Prüfung mit Knopf im Ohr: Lernen für die Ortskunde scheint bei manchen Dortmunder Taxifahrern nicht nötig gewesen zu sein. 500 Euro und eine entsprechende Ausrüstung halfen auch ohne Wissen durch die Prüfung.
So zumindest will es die Zeitung „Ruhr Nachrichten“ herausgefunden haben. Sie beschreibt in ihrer Ausgabe vom 4. Juni 2019 ausführlich die Methodik, nach der sich angehende Taxifahrer durch die Dortmunder Ortskundeprüfung gemogelt haben: Der Prüfling hat nach außen hin einen unsichtbaren Funkkopfhörer tief im Ohr, mit dem er via Bluetooth mit einem Helfer von außen verbunden ist.
Bei der Prüfung muss der angehende Taxifahrer nun bestimmte Fahrtstrecken von einem Startpunkt A zu einem Zielpunkt Z beschreiben. Die Stadt als Prüfungsstelle greift dazu auf ein Repertoire von 100 definierten Strecken zurück. Dieser Pool an Fragen existiert seit Jahren und ist frei zugänglich.
Hat die Prüfung begonnen, liest der Komplize draußen alle Startpunkte vor. Steht eine vorgelesene Startstraße auf dem Prüfungsbogen, gibt der Prüfling ein vorher vereinbartes Signal (kurzes Husten oder auf den Tisch klopfen). Daraufhin liest der Hintermann die komplette Streckenfolge dieser Aufgabe vor. 500 Euro soll die Lesestunde angeblich kosten.
Etwas unternehmen könne man gegen diese Tricks nicht, gesteht ein Sprecher der Stadt Dortmund gegenüber den Ruhrnachrichten.

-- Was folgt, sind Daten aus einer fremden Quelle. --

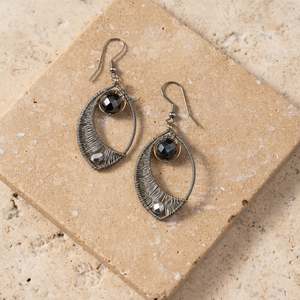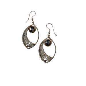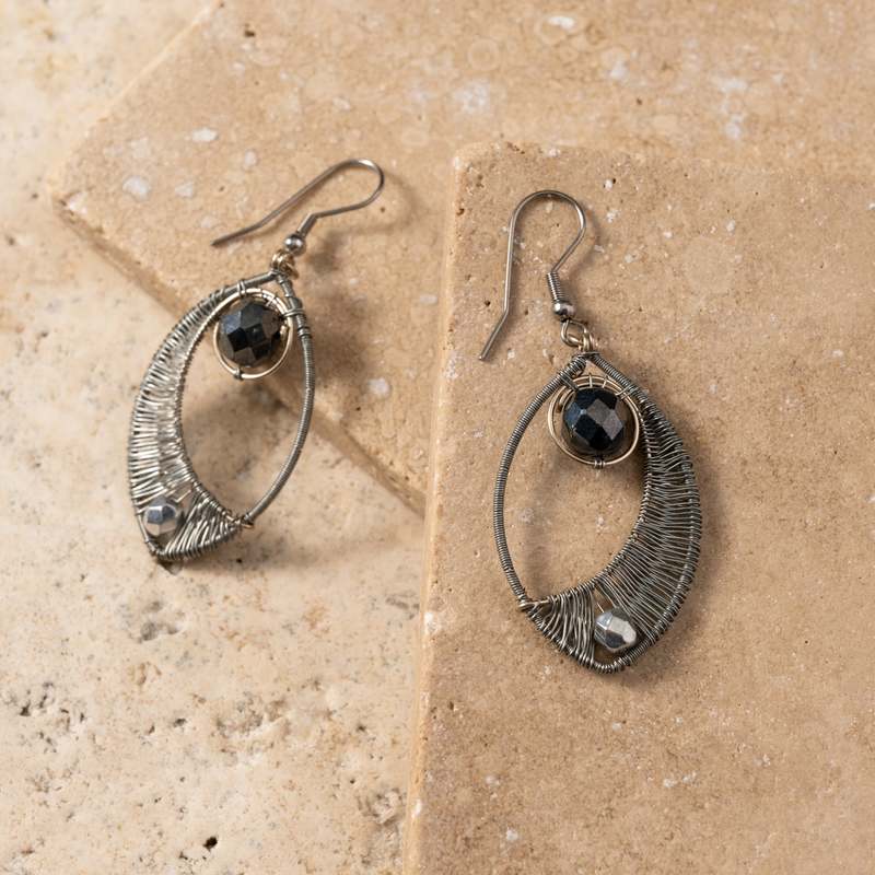 Silver-colored galvanized wire is meticulously wrapped around an elegant elliptical frame, while a central wire creates a graceful half-moon silhouette. Accented with shimmering glass beads with one nested at the base and another suspended at the top, these earrings catch the light with every movement. Finished with durable stainless steel French hooks. A Ten Thousand Villages exclusive, handcrafted in Guatemala by the artisans of Creaciones Chonita, an organization that contributes to the integral development of Guatemalan society by promoting equity and providing employment to the neediest families.

Weder dürfe man im öffentlichen Raum Störsender nutzen noch Leibesvisitationen durchführen. Und selbst wenn man einen Prüfling bei einem Täuschungsversuch erwische, gelte das rechtlich nicht einmal als Ordnungswidrigkeit, geschweige denn als Straftat. Der Kandidat würde zwar aus der aktuellen Prüfung ausgeschlossen werden, dürfe sich aber sofort wieder zum nächsten Versuch anmelden.

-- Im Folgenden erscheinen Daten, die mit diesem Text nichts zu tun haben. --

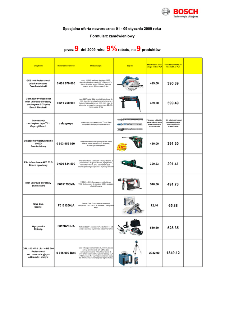 Specjalna oferta noworoczna: 01 - 09 stycznia 2009 roku Formularz zamówieniowy przez 9 dni 2009 roku, 9% rabatu, na 9 produktów Standardowa cena zakupu netto w PLN Cena zakupu netto po rabacie 9% w PLN moc: 1050W; prędkość obrotowa: 5600 obr./min; głębokośc cięcia: 90˚ - 54mm, 45˚ 38mm; średnica tarczy: 160 mm; średnica otworu tarczy: 20mm; waga: 3,6kg 429,00 390,39 0 611 250 900 moc: 620W; udar 2,2J; prędkość obrotowa: do 1000 obr./min; funkcja wiercenia i wiercenia z kuciem; liczba udarów: do 4400 /min; max. śr. wiercenia: w murze / drewnie / metalu: 22 / 30 / 13mm; waga: 2,1kg 439,00 399,49 brzeszczoty z uchwytem typu T i U Osprzęt Bosch cała grupa brzeszczoty z uchwytem typu T oraz U we wszystkich dostępnych opakowaniach 9% rabatu od każdej ceny zakupu netto poszczególnych brzeszczotów Urządzenie wielofunkcyjne UNEO Bosch zielony 0 603 952 020 urządzenie wielofunkcyjne łączące w sobie funkcje młota, wiertarki oraz wkrętarki; technologia litowo-jonowa 430,00 391,30 Piła łańcuchowa AKE 35 S Bosch ogrodowy 0 600 834 500 Piła łańcuchowa z silnikiem o mocy 1800 W, z prowadnicą o długości 350 mm, z prędkością łańcucha 9 m/sek. oraz z systemem SDS beznarzędziowego napinania i wymiany łańcucha 320,23 291,41 Młot udarowo-obrotowy Skil Masters F0151790MA 1100W, 4.0J, 5.6kg, system redukcji drgań VRS, dostosowany do osprzetu SDS+, sprzęgło, rękojeść boczna 540,36 491,73 Glue Gun Dremel F0131200JA Dremel Glue Gun z dwoma zakresami temperatur 120 i 195°C, w zestawie z 6 sztyftami kleju 72,40 65,88 Wyrzynarka Rotozip F012RZ05JA Rotozip 600W , w zestawie 4 przystawki i 7 szt ACC w solidnej i wytrzymalej płóciennej torbie 580,60 528,35 laser rotacyjny: dokładność: ±0,1mm/m; zakres samopoziomowania: ±5º (±8%); czas samopoziomowania: <15s; klasa lasera: 2; widoczność lasera: 30m; dystans roboczy z LR 1: 150m; waga: 1,7 kg. Statyw: wysokość pracy: 90-200cm; max. wysokośćpracy z przedłużką: 2032,00 1849,12 Urządzenie Numer zamówieniowy Skrócony opis GKS 160 Professional pilarka tarczowa Bosch niebieski 0 601 670 000 GBH 2200 Professional młot udarowo-obrotowy z uchwytem SDS-plus Bosch Niebieski GRL 150 HV & LR 1 + BS 200 Professional set: laser rotacyjny + odbiornik + statyw 0 615 990 BA4 Zdjęcie 9% rabatu od każdej ceny zakupu netto poszczególnych brzeszczotów

Im Beitrag der Ruhrnachrichten kommt dazu auch die Dortmunder Taxigenossenschaft zu Wort. Man führe bei allen Funkteilnehmern eigene Ortskundeprüfungen durch, bei denen 40 Prozent derer durchfallen würden, die zuvor noch die Prüfung bei der Stadt bestanden hätten, berichtet eG-Vorstand Dieter Zillmann der Zeitung. Wer die Prüfung zweimal nicht schaffe, dürfe nicht für die Genossenschaft an der Funkvermittlung teilnehmen. Das wären dann die Kollegen, die als Alternative am Bahnhof oder Plätzen mit hoher Einsteigefrequenz warten würden. Und wo es dann zu jener Situation kommen kann, die in den Ruhrnachrichten ganz zu Beginn beschrieben wird: „Du Navi eingeben, ich fahren.“ jh
Anmerkung der Redaktion: Mag ja sein, dass es rechtliche Hürden hinsichtlich der Kontrollen für eine Behörde gibt. Aber niemand verbietet dem Amt, nach vielen Jahren einfach mal neue Strecken zu erarbeiten. Oder auch den Pool an Fragen zu verdreifachen. Dann dauert schon das Vorlesen der Startpunkte länger als die Prüfung selbst.